▸ **INFORMATION PROVIDED**
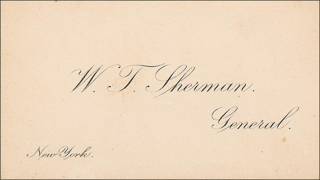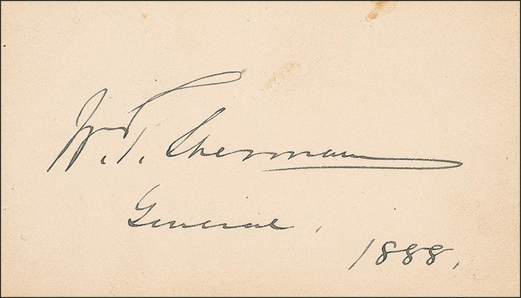 Sherman’s personal calling card, 3.5 x 2, with “W. T. Sherman—General—New York,” printed on the front, and signed on the reverse in black ink, “W. T. Sherman, General, 1888.” In fine condition, with a bit of scattered light foxing. Sherman enjoyed massive popularity, even long after his wartime heroics. The former commanding general acknowledged his wide-ranging esteem, and like most prominent men of his era, Sherman found it incumbent upon himself to carry calling cards.
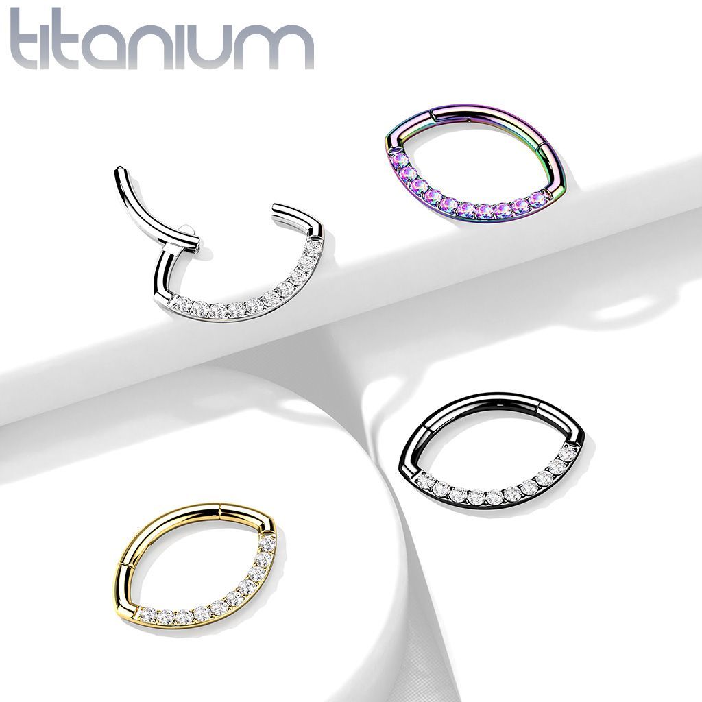 Piercingový segment kruh zdobený čirými zirkony. Piercing je vhodný do ucha či septa. Piercing má praktické rozevírání.
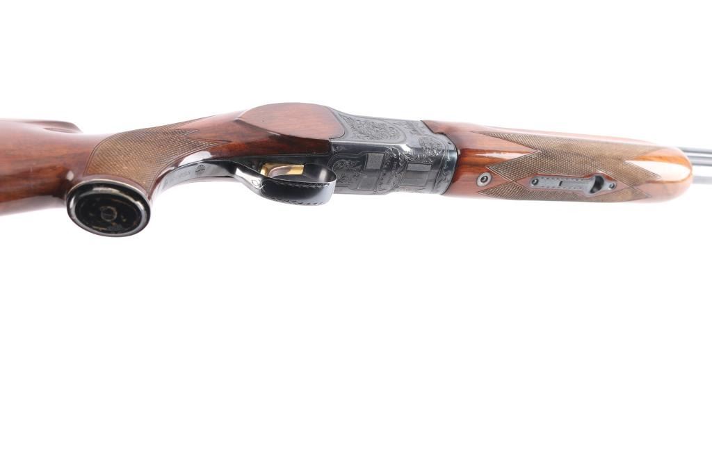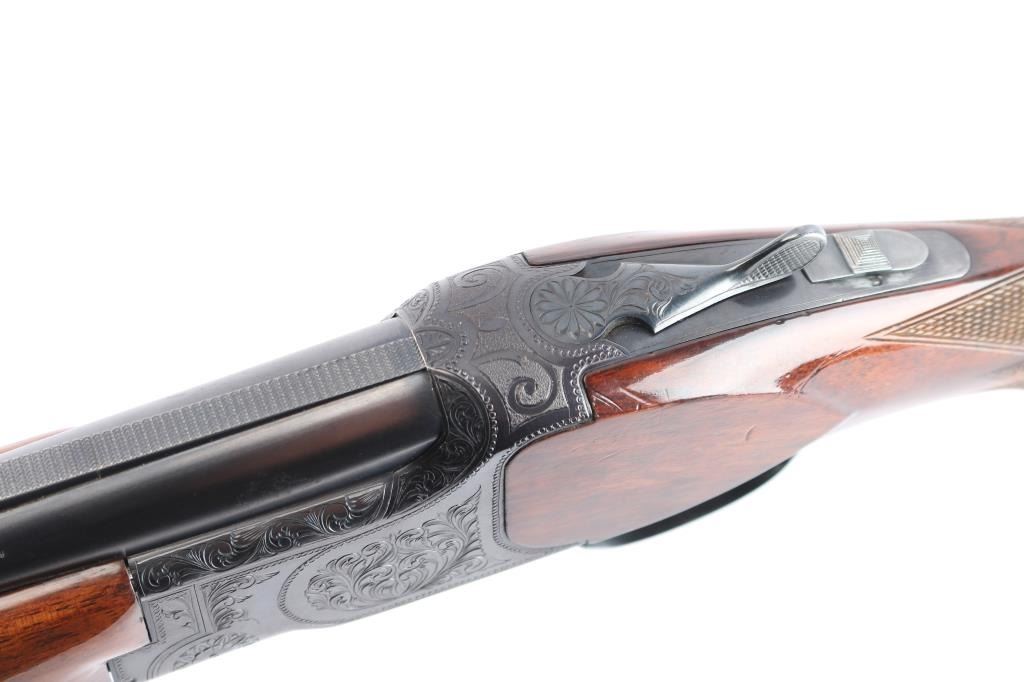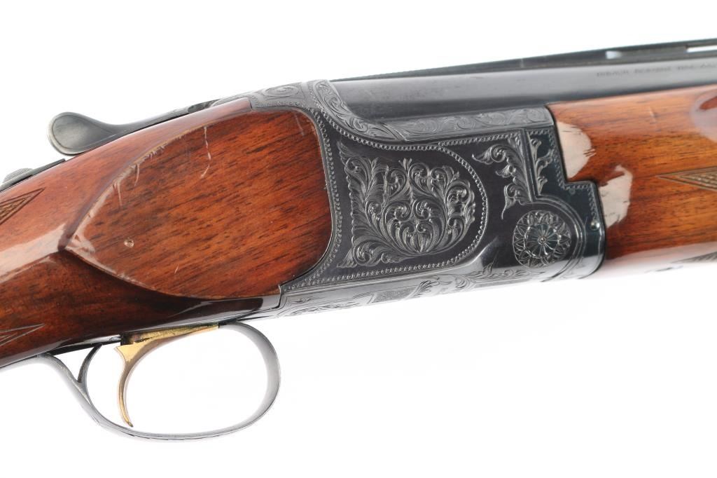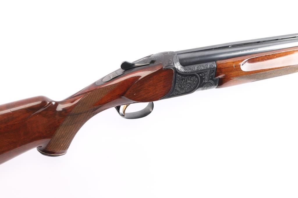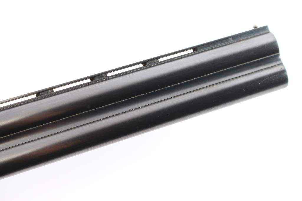 Japanese made over and under box-lock shotgun chambered for 2 3/4" 12 Gauge shells. Miroku made Charles Daly shotguns from the late 1960s to the early 1970s. Superior grade shotgun, featuring a blued finished 28" ventilated ribbed barrels, fixed chokes marked for & measure Full / Mod, steel bead front sight, steel mid-bead, selective ejectors, single curved smooth gold-toned inertial trigger, checkered top lever, and serrated sliding tang safety and barrel selector. The high gloss walnut furniture consists of a semi-pistol grip shoulder stock with checkering at the wrist, checkered grooved forend with Deeley latch release, long lower tang, 13-1/2" length-of-pull, 1-3/8" drop at comb, 2-1/4" drop at heel, black grip cap with white spacer, and a brown solid rubber Decelerator recoil pad. The receiver displays limited coverage floral scrolls, and edge designs. The engraving extends to many of the small parts including the top lever, trigger guard, sides of the top barrel, and on the forend parts. Receiver, forend, and barrels all have matching serial numbers, '552890.' The original blued finish remaining is approximately 98% with light scattered scratches, and light edge wear at the muzzle and triggerguard. Bores look excellent and bright, and the action is smooth with tight lock-up & the top lever resting centered. Furniture wood is good to very good with a scattered nicks and dings on the buttstock, a nickel size patch of finish loss on the right side of the buttstock, and some finish losses on the handguard edges where most are on the buttstock. The metal shows a couple small spots of pitting along the barrels left side in front of the forend. The grip cap is showing some delamination. Condition is NRA Good.

▸ **WHAT IS NEEDED**
Return each line of the data, keeping its wording exact and omitting pictures.

▸ **RESPONSE AREA**
 Sherman’s personal calling card, 3.5 x 2, with “W. T. Sherman—General—New York,” printed on the front, and signed on the reverse in black ink, “W. T. Sherman, General, 1888.” In fine condition, with a bit of scattered light foxing. Sherman enjoyed massive popularity, even long after his wartime heroics. The former commanding general acknowledged his wide-ranging esteem, and like most prominent men of his era, Sherman found it incumbent upon himself to carry calling cards.
 Piercingový segment kruh zdobený čirými zirkony. Piercing je vhodný do ucha či septa. Piercing má praktické rozevírání.
 Japanese made over and under box-lock shotgun chambered for 2 3/4" 12 Gauge shells. Miroku made Charles Daly shotguns from the late 1960s to the early 1970s. Superior grade shotgun, featuring a blued finished 28" ventilated ribbed barrels, fixed chokes marked for & measure Full / Mod, steel bead front sight, steel mid-bead, selective ejectors, single curved smooth gold-toned inertial trigger, checkered top lever, and serrated sliding tang safety and barrel selector. The high gloss walnut furniture consists of a semi-pistol grip shoulder stock with checkering at the wrist, checkered grooved forend with Deeley latch release, long lower tang, 13-1/2" length-of-pull, 1-3/8" drop at comb, 2-1/4" drop at heel, black grip cap with white spacer, and a brown solid rubber Decelerator recoil pad. The receiver displays limited coverage floral scrolls, and edge designs. The engraving extends to many of the small parts including the top lever, trigger guard, sides of the top barrel, and on the forend parts. Receiver, forend, and barrels all have matching serial numbers, '552890.' The original blued finish remaining is approximately 98% with light scattered scratches, and light edge wear at the muzzle and triggerguard. Bores look excellent and bright, and the action is smooth with tight lock-up & the top lever resting centered. Furniture wood is good to very good with a scattered nicks and dings on the buttstock, a nickel size patch of finish loss on the right side of the buttstock, and some finish losses on the handguard edges where most are on the buttstock. The metal shows a couple small spots of pitting along the barrels left side in front of the forend. The grip cap is showing some delamination. Condition is NRA Good.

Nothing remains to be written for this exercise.